There’s a final bit of good news about umami: Not only does it add remarkable depth of flavor and complexity to cooking, it also contributes to our sense of satiety, or satisfaction. Umami rules!
HOW FATS ENHANCE FLAVOR
When I was dean at the California Culinary Academy, my husband and I were fortunate to be invited for dinner one night to the home of our Introduction to Wines instructor, Steve Eliot. As we sat relaxing over wine and nibbles before dinner, every so often one of us couldn’t resist remarking on the seductive fragrances wafting over from the stove. After a while, Steve pushed his chair back, cocked his head toward the stove, and announced, “It’s time for me to start throwing butter into things.” I winked, knowing full well what he was up to. I was certainly well aware that Steve knew plenty about wines, but now I was confident that the guy could cook, too. I suspected we were in for a treat. The first taste of his pork and chanterelles braised in Chardonnay confirmed my suspicions. What made Steve’s food taste so fine?
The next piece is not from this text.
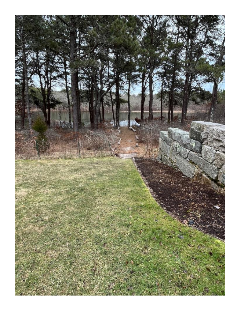
Path to the pond
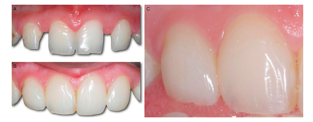
Figure 6. 20-year-old man at the end of orthodontic treatment. The frontal sector shows small teeth, and large diastemas ( A ). To meet the aesthetic needs of the patient, it was necessary to enlarge the teeth with intrasulcular restorations, and to recreate the contact points that allowed the papillae to close the unsightly black triangles ( B ). Although the patient does not maintain optimal oral hygiene, the gingival tissues are in excellent health ( C ).

One of the time-honored French flavor enhancement secrets you learn in cooking school is a classical technique called monter au beurre (pronounced mohn-tay oh burr), literally “to mount with butter.” As a finishing step, after a sauce, soup, or stew has cooked and reduced sufficiently, the cook swirls in a nugget of unsalted butter, enriching the sauce by emulsifying all the ingredients, binding them to the fat molecules in the butter. If you’ve ever marveled at the distinctive gloss and rich mouth-feel of French sauces, this is how they do it. It’s a great trick to have up your sleeve if the stock you used was a bit bland, the vegetables in your puréed soup weren’t at their peak of flavor, or you want to limit the addition of any fat to the most critical point in a recipe’s preparation. Likewise, a judicious drizzle of extra-virgin olive oil over a bowl of braised cannellini beans or a crème fraiche garnish on a soup can provide not only the eye appeal, but the same “finished” quality you’d achieve with a skillful monter au beurre.
This last-minute gilding with butter—or your fat of choice—also provides exponential dividends when the food hits your tongue. While the tongue does a good job of detecting salt, sweet, bitter, and sour, when coated with fat, the tongue becomes a hypersensitive flavor receptor. As the fat molecules coat your tongue, the chimney that is your nose aerates your mouth, and the fat distributes the flavors all across the surface of your tongue, not just where your spoon deposited them. The old cooking-school adage, “Fat is flavor,” can be extended. In fact, fat also magnifies flavor.
THE CHALLENGE OF LOW-FAT COOKING
Herein lies the inherent challenge in low-fat cooking. Without the tongue-coating benefits of fatty ingredients, the cook has to rely on bursts of flavor from the raw ingredients themselves. If you’re used to deriving a sense of satiety, or fullness, from fat-rich foods, you have to find other stimuli for satisfaction. What a case for cooking with the seasons, when fresh foods are at their peak.
By Linda Carucci in "Cooking School Secrets for Real World Cooks", second edition, Author House, USA, 2016, excerpts pp. 46-48. Digitized, adapted and illustrated to be posted by Leopoldo Costa.